Rough turning involves turning in & outside of a bowl to uniform thickness and setting aside to air dry. I only use plastic bags when wood on the lathe & stopping for lunch or the day. Paper bag/box storage with or without shavings also temporary for me before taking rough out and set aside to air dry.

Wood loses moisture thru evaporation due to air circulation; when seal wood completely in wax or other sealer how does that wood dry?


----------



## TaliaferroVaia (Nov 19, 2015)

Doh! I did turn the inside. I'm sure it's nowhere near uniform but it's about an inch to an inch and a quarter thickness. I did coat the whole thing in wax, which I thought would make it just dry slower; it makes sense that it would completely seal in moisture. I guess I'll put it back up, turn the wax off, and put it in a box with shavings.

Thanks.


----------



## Knothead62 (Apr 17, 2010)

Try www.woodturner.org for some great help with wood turning.


----------



## TaliaferroVaia (Nov 19, 2015)

Thank you Knothead for the link. I will look into membership benefits and probably join.
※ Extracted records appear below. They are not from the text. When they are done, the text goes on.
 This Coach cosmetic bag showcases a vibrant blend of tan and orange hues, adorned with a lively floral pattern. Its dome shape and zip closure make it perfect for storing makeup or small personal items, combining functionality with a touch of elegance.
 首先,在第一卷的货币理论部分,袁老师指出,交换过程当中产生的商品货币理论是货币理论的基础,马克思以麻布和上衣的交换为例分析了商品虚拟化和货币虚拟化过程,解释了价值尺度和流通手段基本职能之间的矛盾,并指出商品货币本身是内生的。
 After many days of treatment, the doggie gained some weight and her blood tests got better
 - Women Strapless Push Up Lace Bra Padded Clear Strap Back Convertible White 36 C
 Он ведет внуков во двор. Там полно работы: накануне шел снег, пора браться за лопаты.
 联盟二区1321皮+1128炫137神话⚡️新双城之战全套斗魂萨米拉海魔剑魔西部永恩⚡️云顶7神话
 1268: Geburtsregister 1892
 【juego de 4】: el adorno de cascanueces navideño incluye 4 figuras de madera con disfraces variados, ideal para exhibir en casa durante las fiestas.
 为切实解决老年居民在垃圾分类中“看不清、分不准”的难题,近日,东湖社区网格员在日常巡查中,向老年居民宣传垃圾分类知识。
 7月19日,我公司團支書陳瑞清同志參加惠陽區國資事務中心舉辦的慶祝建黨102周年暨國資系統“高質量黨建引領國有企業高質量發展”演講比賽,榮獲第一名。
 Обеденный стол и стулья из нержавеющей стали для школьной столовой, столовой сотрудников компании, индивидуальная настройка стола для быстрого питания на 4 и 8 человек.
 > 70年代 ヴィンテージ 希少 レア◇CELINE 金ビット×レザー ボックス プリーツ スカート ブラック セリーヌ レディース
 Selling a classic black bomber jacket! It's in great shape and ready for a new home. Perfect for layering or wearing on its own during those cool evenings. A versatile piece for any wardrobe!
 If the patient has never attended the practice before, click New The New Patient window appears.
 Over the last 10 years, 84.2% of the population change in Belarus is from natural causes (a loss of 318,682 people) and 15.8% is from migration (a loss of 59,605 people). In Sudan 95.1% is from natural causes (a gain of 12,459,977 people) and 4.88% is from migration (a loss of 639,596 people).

I decided to take another piece of the chunk pictured in the beginning of this thread and see what I could do with it. Pictured below is the rough bowl I came up with, and I have some concerns and a couple questions:

First, I have been experimenting with O.B. Shine Juice and put some on this piece just to see what it would look like with some kind of finish on it. As Wildwood pointed out, coating it with wax would obviously not help it dry, and I'm wondering if the light coating of shellac would hinder, help, or not matter in the drying process. (it is currently boxed with shavings).

Secondly: looking at the pictures, you can see some inclusions which I think in some places go all the way through the piece. Any advice or warnings, or is this something that I'll have to assess sometime over the summer when I take it out.

Finally, I have read that within a period of boxing the wet rough bowls that the chips should be stirred and mixed up. Any advice on how soon and how frequently I should do this would be really helpful.

Thanks for checking in!
Without further ado…


----------



## blue77 (Nov 30, 2015)

Looking good! I am pretty new to the whole bowl drying proses myself. I had to get rid of the wood shavings because it held in too much water and some of my bowls started too mold. Now I just stack the bowls one on top the other in a card bored box. But I'm in the heart of Canada so maybe with your climate you'll need them. Everyone I have talked to and everything I have read tells me something different about drying bowl. Some use shavings/ paper bag/ plastic bag/ cardboard box/ light cote of wax/shellac/ end grain sealer/ creative stacking/ nothing at all. My guess is it all depends on the humidity and tempter of where you're storing them. If it cracks try something different, I hope all goes well! Not a very helpful comment but a truthful one


----------